The manager tapped John on the shoulder. It was the first interruption by the real world since he had begun playing the machine. Little children generally avoided him as they sensed he had broken down. The manager was not so lucky. All at once John left primordia to return to Chucky Cheese, only between the blood and the tears he saw demons with cranes like he saw them in his trance. Everyone was against him, wanted him dead, wanted him to lose. Maybe he would not win but he could not live and lose. There it was, an evil force trying to stop him from victory. John let out a crying scream, like that of a cornered animal that has to fight to the death but realizes that it cannot win. John punched the manager in the throat and knocked him out. He then saw his prize, just beyond the reach in the glass, the prize that he had attempted to procure for so long, for an eternity it seemed. But suddenly, he realized that he had one way out. John picked up a little kid leaving with his parent in one hand, one death grip. The child screamed. The parent screamed. John screamed. But the child did not scream for long. John bashed him into the glass, shattering the barrier between him and his beloved, his idol, his god. He had made the sacrifice of the child to appease the Devil so that he may be allowed to take the Devil's treasure. John jumped in the crane machine, grabbing the generic red bear, but actually less generic than he thought with a talking pull cord. John had won! He had triumphed. For once in his life something went right and he made it happen! But new flashing lights situated on the top of a black and white car now came. But John saw them not. He had collapsed. In retrieving the prize, he had ripped his entire intestinal tract in half on the glass. John collapsed of fatigue, blood loss, and mental distress.

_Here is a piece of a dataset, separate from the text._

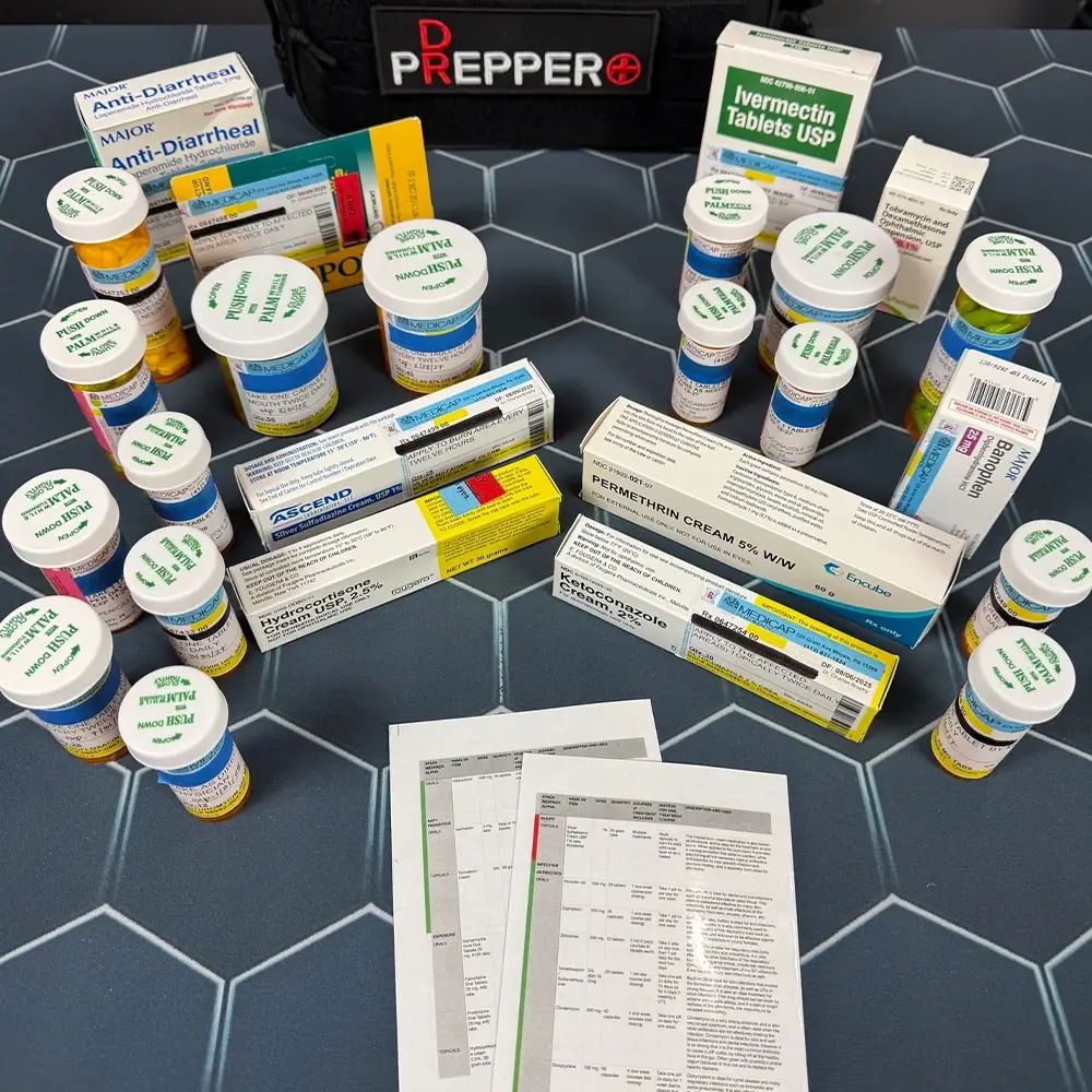 The STACK MedPack ALPHA is a comprehensive supply of medications that are ideal for preppers to have on hand in case of emergencies. There are 9 different courses of antibiotics, with repeat courses of the most important 5. There are also antivirals, antifungals, and antiparasitis that include the difficult to obtain Ivermectin. Additional medications cover for exposure related illnesses such as allergic reactions, as well as general medications for pain, n/v/d, and more. A 4×6 laminated insert helps instruct preppers on medication dosing and the types of conditions that tend to respond well to that medication.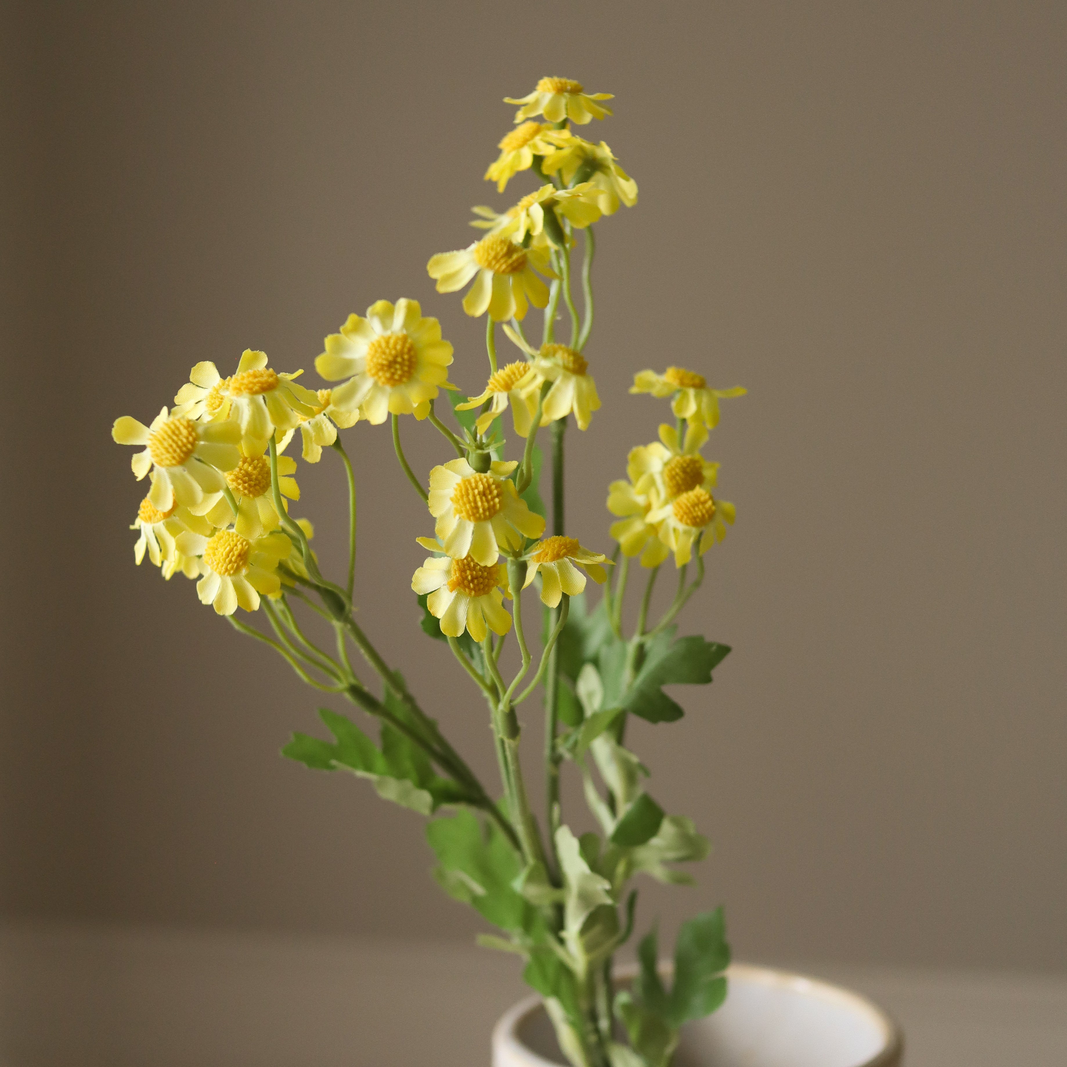 This Yellow Small Daisy Flower features multiple delicate blooms with soft, pale yellow petals and vibrant textured centers. The blossoms are arranged on slender, textured green stems, which measure 53 cm in height, with scattered, slightly serrated green leaves.

John awoke in the hospital informed of his arrest. He had been charged with murder of the second degree. John was rational again. He was going to survive. But his two unfortunate victims had not. It was sad. Next to John though was the red generic pull bear. The nurses had never been able to force him to release his grip; the same grip that had so tenaciously held to the joystick was holding the spoils. Out of curiosity he pulled the chain of the bear. It said: "YOU ARE A WINNER." And so John saw the irony. That red bear was the most expensive bear ever to be produced; it had cost two lives, one term of life imprisonment, one crane machine, and almost 300 dollars. All for one stupid generic red bear that could tell him what he probably wasn't anyway.